To do: The response should consist of the data below, copied exactly, with no pictures in it.

Data below:
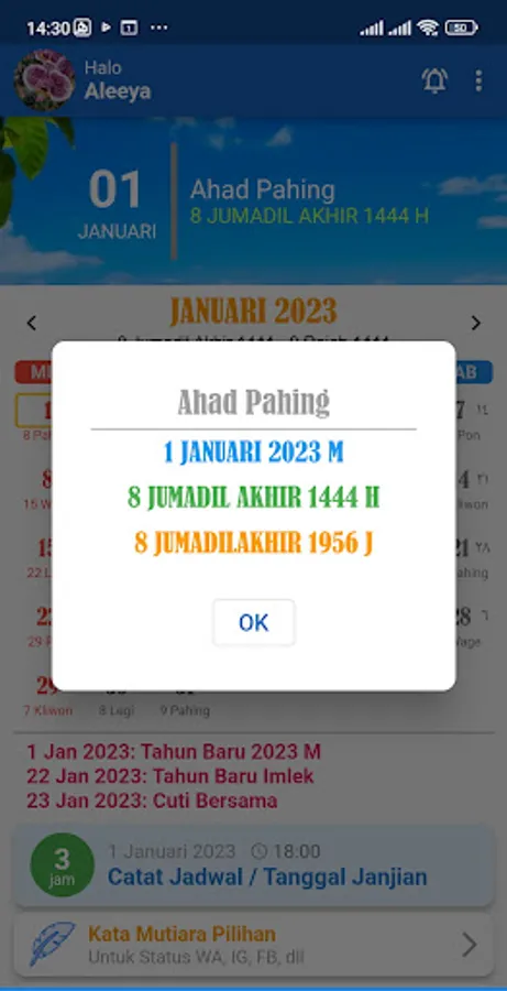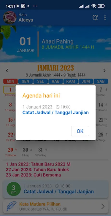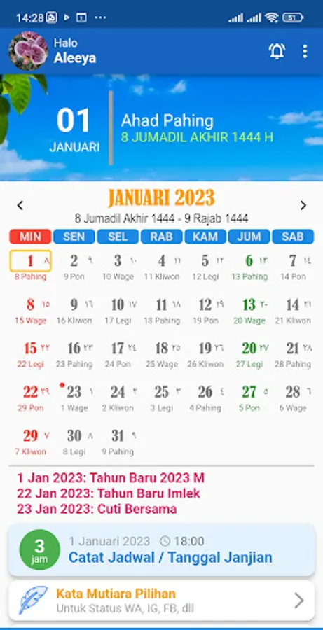 For those of you who like pearls of wisdom, we also provide a feature of motivational words that are updated every day. The motivational words in this calendar application are expected to refresh the mind and uplift the soul.
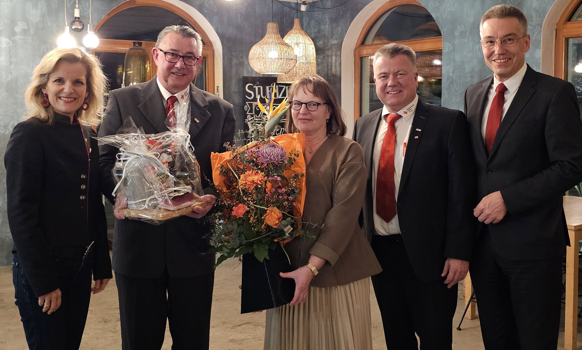Verabschiedung von Thomas Neugebauer. Foto zeigt von links: Daniela Ludwig, Thomas Neugebauer, Iris Neugebauer (Ehefrau), Direktor Martin Schmidt (BRK-Kreisgeschäftsführer) und Otto Lederer. Foto: Copyright BRK Kreisverband Rosenheim
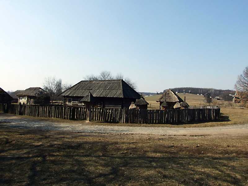 2011 р. Загальний вигляд з боку вулиці (хата садиби 5, хата садиби 6, хрест, вулики, стебка)Розмір зображення: 800:600 піксел 30 березня 2011 р. Фото М.І.Жарких. |
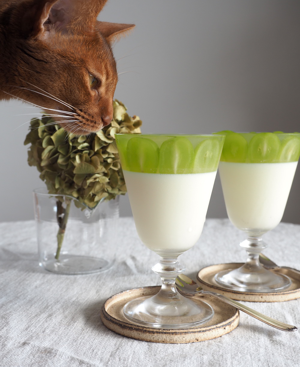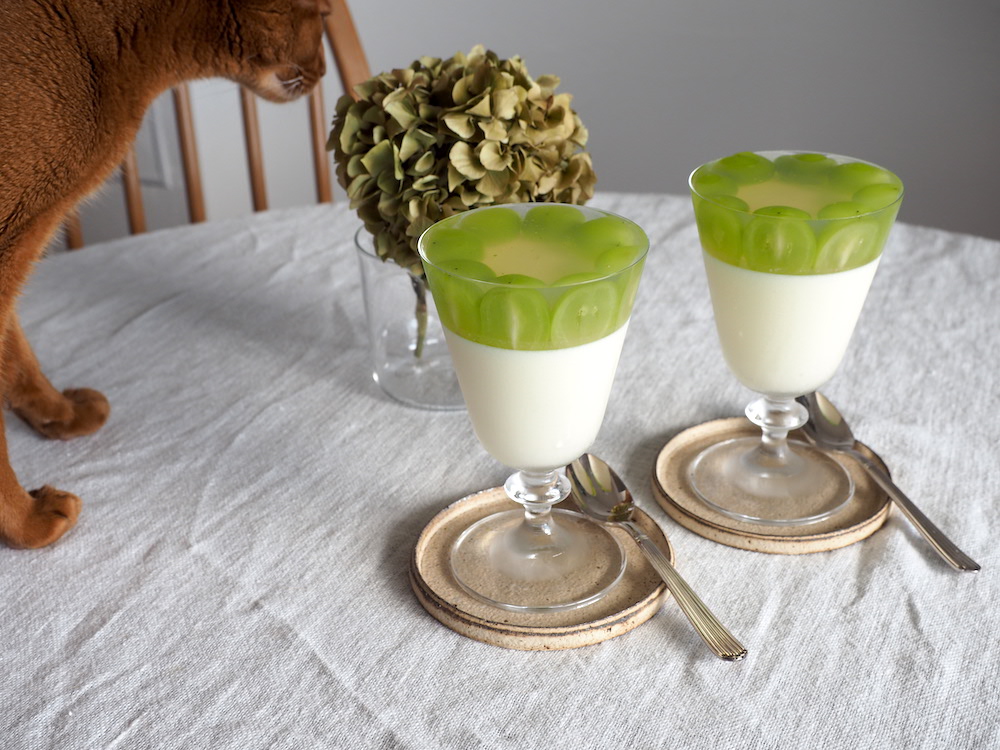 シャインマスカットがだいたいどの辺りになるかを、グラスの外側にマスキングテープで印をつけておいて、その辺りまでパンナコッタを注いで冷やし固めました。

Worked solution:
 For those of you who like pearls of wisdom, we also provide a feature of motivational words that are updated every day. The motivational words in this calendar application are expected to refresh the mind and uplift the soul.
Verabschiedung von Thomas Neugebauer. Foto zeigt von links: Daniela Ludwig, Thomas Neugebauer, Iris Neugebauer (Ehefrau), Direktor Martin Schmidt (BRK-Kreisgeschäftsführer) und Otto Lederer. Foto: Copyright BRK Kreisverband Rosenheim
 2011 р. Загальний вигляд з боку вулиці (хата садиби 5, хата садиби 6, хрест, вулики, стебка)Розмір зображення: 800:600 піксел 30 березня 2011 р. Фото М.І.Жарких. |
 シャインマスカットがだいたいどの辺りになるかを、グラスの外側にマスキングテープで印をつけておいて、その辺りまでパンナコッタを注いで冷やし固めました。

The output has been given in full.